The Persian measure words تا- -tâ and -دانه -dâne have been assimilated into one: dənə, e.g. iki dənə gözəl evlər “two beautiful houses” (cf. Persian: دوتا خانه زيبا do tâ xâne-ye zibâ).

Oghuz Turkic does not have an equivalent of the standalone verb “to be able to”, and instead utilizes a construction with a conjugated personal suffix from the verb -bilmek “to know”. In contrast, South Azeri vernacular uses an innovative standalone verb eliyəbilmax (cf. Turkish edebilmek “to be able to do”) followed by the optative, which mirrors the subjunctive mood of Persian.
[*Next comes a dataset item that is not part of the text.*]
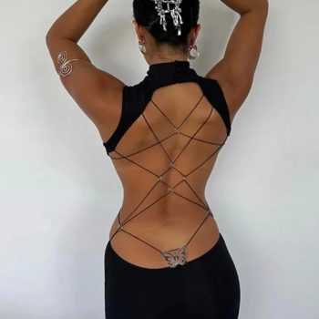 Fleepmart Sexy Backless Butterfly Detail Long Club Party Summer Sleeveless Maxi Dress Elegant Outfits Robe

This construction has equal currency alongside the inherited Turkic construction:

English Turkish  Southern Azeri Literary Persian 
“s/he can sit”  oturabilir eliyəbilə(r) otura ميتواند بنشيند
mitavânad benešinad
“I cannot be everyone’s friend” herkesin arkadaşı olamam eliyəbilmirəm hər kiminin dost olaram  نميتوانم دوست همه كس باشم
nemitavânam duste hamekas bâšam
“I cannot be” olamam olabilmirəmeliyəbilmirəm olaram نميتوانم باشم nemitavânam bâšam

Lexicon
Azeri is Oghuz in provenance and thus shares the majority of its core lexicon with other members of that clade, particularly Turkish and Turkmen. However, Azeri shares some lexical affinities with Central Asia (i.e. Uzbek) vis-à-vis Anatolian Turkish: e.g. indi “now” (cf. Uzbek: endi; Turkish şimdi); yaxšı “good” (Uzbek: yaxshi; Turkish: iyi); öz “oneself” (Uzbek: o’z; Turkish: kendi); tapmax “to find” (Uzbek: topmoq; Turkish: bulmak).

Some alternative forms are in use compared to Northern (Soviet) Azeri: e.g. eləmax for etmək “to do”.

Calques from Persian are pervasive, exceeding in number those found in Northern Azeri and Turkish: aradan getmax (from از بين رفتن az bayn raftan “to be annihilated”); xaheš elirəm (from خواهش ميكنم xwâheš mikonam “please; you’re welcome”); buyurmax in the formal meaning of “to say” (from فرمودن farmudan; e.g. o jür če buyurduz “just as you said…”);  numerous izâfe constructions modeled on Persian patterns using the helping verbs vermək “to give”, eləmax “to do”, čıxmax “to go out”, vurmax “to hit”, e.g. idamə vermək “to continue”(from ادامه دادن edâme dâdan); vərziš eləmax “to exercise” (ورزش كردن varzeš kardan).